Pick it when you need compliance validation against CIS, NSA-CISA, or MITRE ATT&CK. The in-cluster operator is worth deploying if you want continuous monitoring beyond pre-deployment checks.

For a broader view of Kubernetes security strategy, see our cloud infrastructure security guide. For broader IaC security coverage that includes Terraform and CloudFormation, pair Kubescape with Checkov or Terrascan.

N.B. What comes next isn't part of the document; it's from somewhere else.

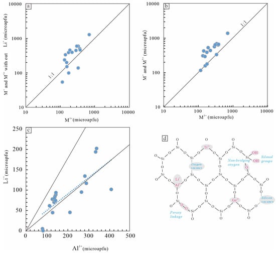Plot of M3+ vs. M+ and M5+ without Li+ (a). Plot of M3+ vs. M+ and M5+ (b). Plot of Al3+ vs. Li+ (c) of quratz from Gongjuelong deposit. Schematic quartz structure showing the most common defect types (d) (modified after [67]).

If you want a commercial platform with enterprise support, Snyk IaC offers similar Kubernetes scanning inside a larger security suite.

Frequently Asked Questions

What is Kubescape?
Kubescape is an open-source Kubernetes security platform and CNCF incubating project with 11.1k GitHub stars. It scans clusters, manifests, and container images against CIS Benchmarks, NSA-CISA, and MITRE ATT&CK frameworks.
Is Kubescape free to use?
Yes, Kubescape is free and open-source under the Apache 2.0 license. Created by ARMO, it is now a CNCF incubating project trusted by over 25,000 organizations.
What IaC frameworks does Kubescape support?
Kubescape focuses on Kubernetes manifests, Helm charts, Kustomize directories, and container images. It does not scan Terraform or CloudFormation directly. For broader IaC coverage, consider pairing it with Checkov or Terrascan.
Can Kubescape run in CI/CD pipelines?
Yes, Kubescape has official integrations with GitHub Actions, GitLab CI, Jenkins, and CircleCI. It also provides IDE plugins for VS Code and Lens, plus pre-commit hooks for early feedback.
What is the difference between the CLI and operator?
The CLI handles pre-deployment scanning of files and images. The in-cluster operator is a set of microservices deployed via Helm that provide continuous scanning, runtime threat detection via eBPF, and network policy generation inside a running cluster.